FP = false positive; other abbreviations as in Table 3.

Discussion

This study evaluated the performance of deep learning models for the coronary artery segmentation and the detection of significant stenoses on ICA. We demonstrated that 1) segmentation performance decreases when models are tested on data from other centers; 2) model performance is influenced not only by the quantity of training data but also by its characteristics, such as the proportion of cases with significant stenoses; and 3) when trained on a large and representative data set, the stenosis detection models perform on par with experts.

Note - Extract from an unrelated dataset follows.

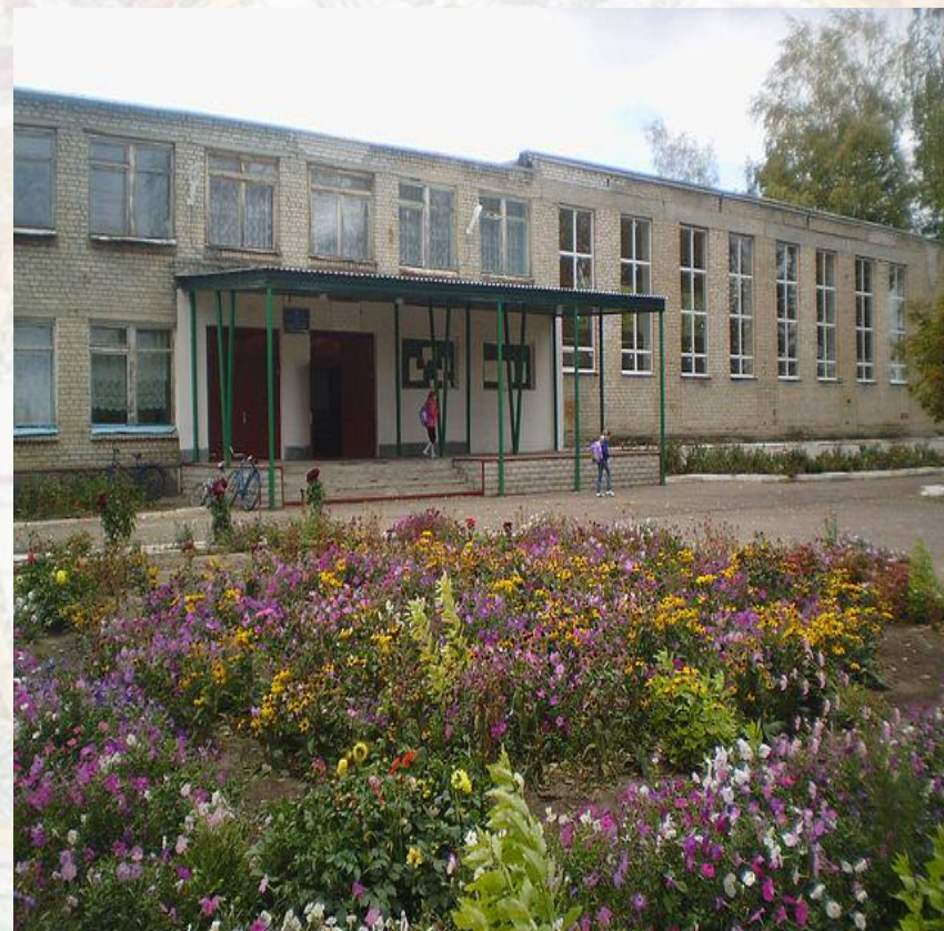
МБОУ «СОШ № 1 р.п. Самойловка»

«Если мы будем учить сегодня так, как учили вчера – мы украдем у наших детей завтра» (Дж. Дьюи)

Comparison with other studies

A reduction in performance when testing a model at another center is not uncommon, but it has not been explored as extensively as in this study by reciprocal testing across centers. Most previous studies on automated coronary angiography analysis perform validation on a subset of the data that is not used for training. This data set is often annotated within the same center by the same annotators. Du et al21 trained a deep learning model, called DeepDiscern, to automatically segment the coronary arteries and detect lesions on a large data set (segmentation model: 12,323 images, lesion detection: 6,239 images). On an unseen test set, the segmentation algorithm achieved an accuracy of 0.98, sensitivity of 0.85, and an average lesion detection rate of 0.90. Although DeepDiscern showed good performance, the model was not evaluated on data from another center.21 If studies perform external validation, they typically validate their models on one data set, which is often small in size compared to the data set the model was trained on. Yang et al10 trained a deep learning model on 3,302 angiographic images (annotated by 2 experts) and demonstrated a slight reduction in segmentation performance when validated in an external center (181 images), with the mean Dice coefficient decreasing from 0.92 to 0.90. In our study, the decrease in segmentation performance for Model 2 was minimal (−0.01), while it was larger for Model 1B (−0.04) and Model 1C (−0.04). The ICA images of center 1 were annotated by 10 experts, which may have led to inconsistencies in the annotations (eg, varying delineations of arteries and distal artery segmentation) and thereby the model’s performance. For example, in our results, there was considerable variability in the performance of the models trained for segmenting the LCX artery. This might be explained by the variability in how the LCX was drawn distally by the annotators. The model may not have learned a consistent representation of the distal LCX. These findings are in line with the study of Yang et al,10 which also reported a noticeable decrease in LCX segmentation performance when models were tested on data from an external center. Consistent with our results, the RCA segmentation models in their study remained accurate (Dice = 0.88-0.93), which may be explained by the relatively simple appearance of the RCA and the consistency it is segmented.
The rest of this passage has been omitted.